简体   繁体   English

如何使一个巨大的循环检查数据帧中的条件在mac中运行得更快

[英]How to make a huge loop for checking condition in dataframe run faster in mac

I need to calculate a huge table value (157954 rows and 365 columns) by checking three conditions in a dataframe with 11 mil rows.我需要通过检查具有 11 百万行的数据框中的三个条件来计算一个巨大的表值(157954 行和 365 列)。 Do you have any way to speed up the calculation, which is taking more than 10 hours now?你有什么方法可以加快计算,现在需要10多个小时?
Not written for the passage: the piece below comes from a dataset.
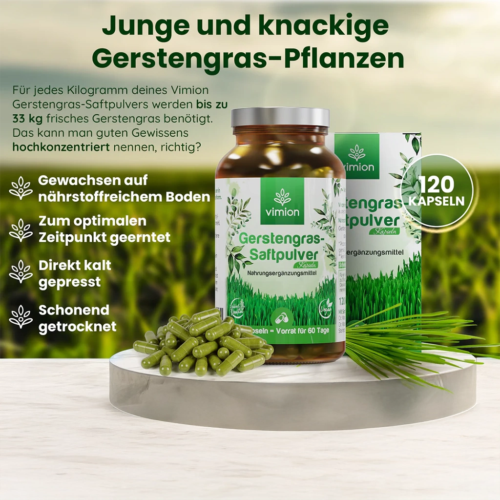 - Gegenüber dem „normalen“ Gerstengras-Pulver hat dein Vimion Gerstengras-Saftpulvers somit den Vorteil: Das Gerstengras-Saftpulver ist viel höher konzentriert. Bei unserer Qualität werden nämlich bis zu 33 kg Gerstengras entsaftet, um am Ende 1 kg Gerstengras-Saftpulver zu enthalten. Das kann man guten Gewissens als hoch-konzentriert bezeichnen, richtig?

I have 367 stations in total.我总共有 367 个站点。

for station in stations:
    no_pickup_array = []
    for time_point in data_matrix['Timestamp']:
        time_point_2 = time_point + timedelta(minutes=15)
        no_pickup = len(dataframe[(time_point <= dataframe["departure"]) & (dataframe["departure"] < time_point_2) 
                        & (dataframe['departure_name'] == station)])
        no_pickup_array.append(no_pickup)
    print(f"Station name: {station}")
    data_matrix[station] = no_pickup_array

I appreciate any of your help.我感谢您的任何帮助。

@ To all: Thank you for your comments, I add more info for my problem. @对所有人:感谢您的评论,我为我的问题添加了更多信息。

这是检查条件的数据框

Each row of dataframe is info of each renting bike.每一行数据框都是每辆租用自行车的信息。 I want to create a matrix with number of bikes picked up at each station for each 15 minutes interval.我想创建一个矩阵,其中每 15 分钟间隔在每个车站拾取的自行车数量。 Then I also want to calculate the average speed, average time,.. as well.然后我还想计算平均速度,平均时间,..以及。

The solution from @Jérôme Richard could reduce the number of calculations, but I still struggle to understand and implement indexing steps and apply logarithmic search or binary search. @Jérôme Richard 的解决方案可以减少计算次数,但我仍然难以理解和实施索引步骤以及应用对数搜索或二进制搜索。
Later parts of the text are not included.